To disentangle activity related to preparatory suppression from that related to preparation of the stimulus–response mapping, we introduced the NoPrep condition into the analysis. According to the cognitive model, suppression occurs not just during preparation for incompatible trials, but also when the mapping is unknown (NoPrep) as the automatic response would be incorrect half the time. Therefore, those regions related to suppression of the automatic response route in the PrepI > PrepC contrast should also be more active during NoPrep compared with PrepC trials. To identify these regions, we performed a conjunction  of the PrepI > PrepC and NoPrep > PrepC contrasts. As shown in figure 3b (blue), activity following this pattern was observed in left dorsolateral prefrontal cortex (DLPFC), left frontal pole, bilateral posterior parietal cortex and visual cortex. In addition, small clusters are evident bilaterally in primary motor and caudate regions, as well as in the hippocampus.
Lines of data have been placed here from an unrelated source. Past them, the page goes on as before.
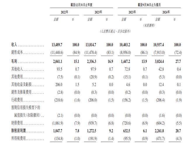 2022年-2024年9月(简称:报告期),创新国际分别录得收入134.90亿元、138.15亿元、109.37亿元;同期净利润9.13亿元、10.81亿元、17.9亿元;归母净利润8.81亿元、10.03亿元、14.41亿元。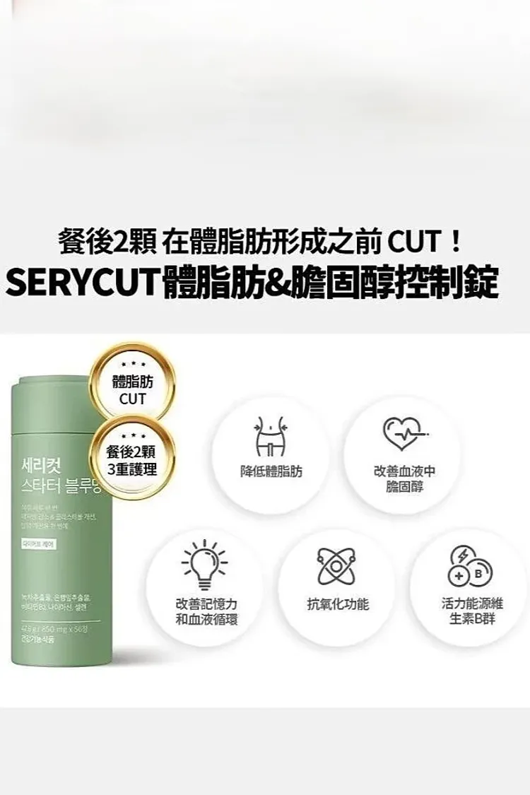 HK728韓國sery box體脂醣類控制錠小綠盒(56錠/瓶) $620 體驗效果 : 有效纖體、降低體脂肪、BMI、內臟脂肪 添加效果 : 改善記憶力 改善膽固醇 抗氧化及增強活力適合群體 : 防止脂肪形成、不戒醣類也能輕鬆減重品質保證:富含銀杏、綠茶、維生素服用方式 : 每日一次, 每次兩粒, 餐後服用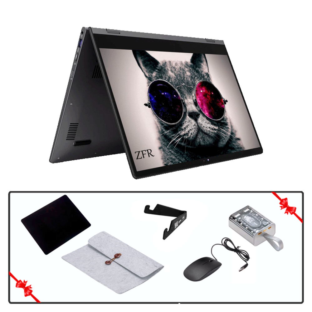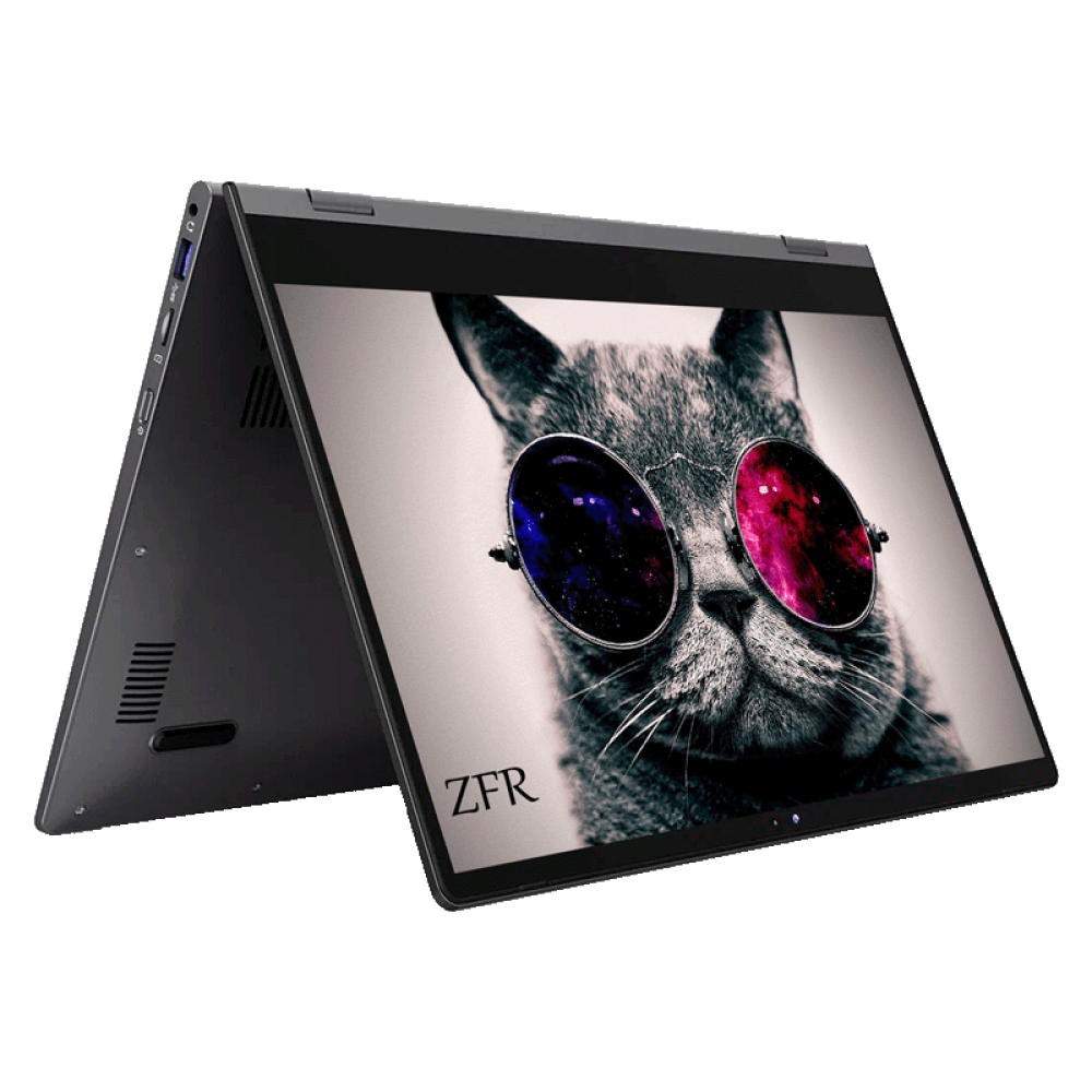 ZFR E140Y — ноутбук-трансформер. Экран можно развернуть на 360° и сложить на клавиатуру дисплеем вверх. Так ноутбук займет меньше места на столе, когда вы не планируете набирать на нем текст.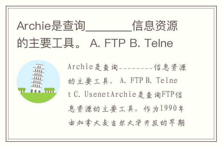 Archie是查询________信息资源的主要工具。 A. FTP B. Telnet C. Usenet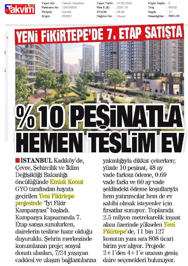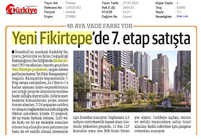 Emlak Konut GYO Yeni Fikirtepe 7.Etabı Satışa Sundu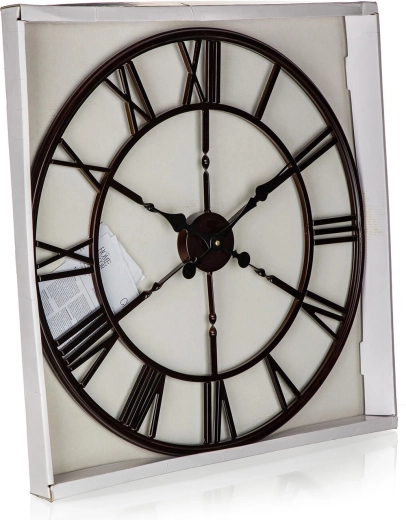 Stílusos Antic Black falióra, nagy 60 cm átmérővel és teljes felületű dekorral. A 1× AA elemről működő, halk szerkezetnek köszönhetően ideális dizájn dekoráció a nappaliba, hálószobába és egy stílusos konyhába is (az elem nem része a csomagnak).
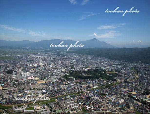 西若松,鶴ヶ城周辺より磐梯山方面(2012/8)

In contrast to preparatory suppression of the automatic response tendency, regions in the PrepI > PrepC contrast that are involved in preparation of particular stimulus–response pairs should not be active during NoPrep trials, because the potential stimulus–response pairs are unknown. The alternative possibility—that all four potential mappings are prepared during NoPrep trials —seems unlikely in this task given that the mappings are mutually exclusive (the same stimulus requires two different responses depending on the rule). Consistent with this view, the overlap of the contrasts PrepI > NoPrep and PrepI > PrepC (figure 3b, green) identified dorsal premotor cortex and supplementary motor area, regions previously implicated in stimulus–response associations in the conditional motor learning literature [44–48]. We also performed the PrepC > NoPrep contrast, as stimulus–response pairs could be prepared during preparation for compatible trials as well as during preparation for incompatible trials, but this yielded no significant effects. This is consistent with the hypothesis that preparation of the rule-based mapping route is minimal on compatible trials, when the more efficient automatic route activates the correct response as well (i.e. subjects can rely on the automatic route and therefore need not prepare the rule-based mapping).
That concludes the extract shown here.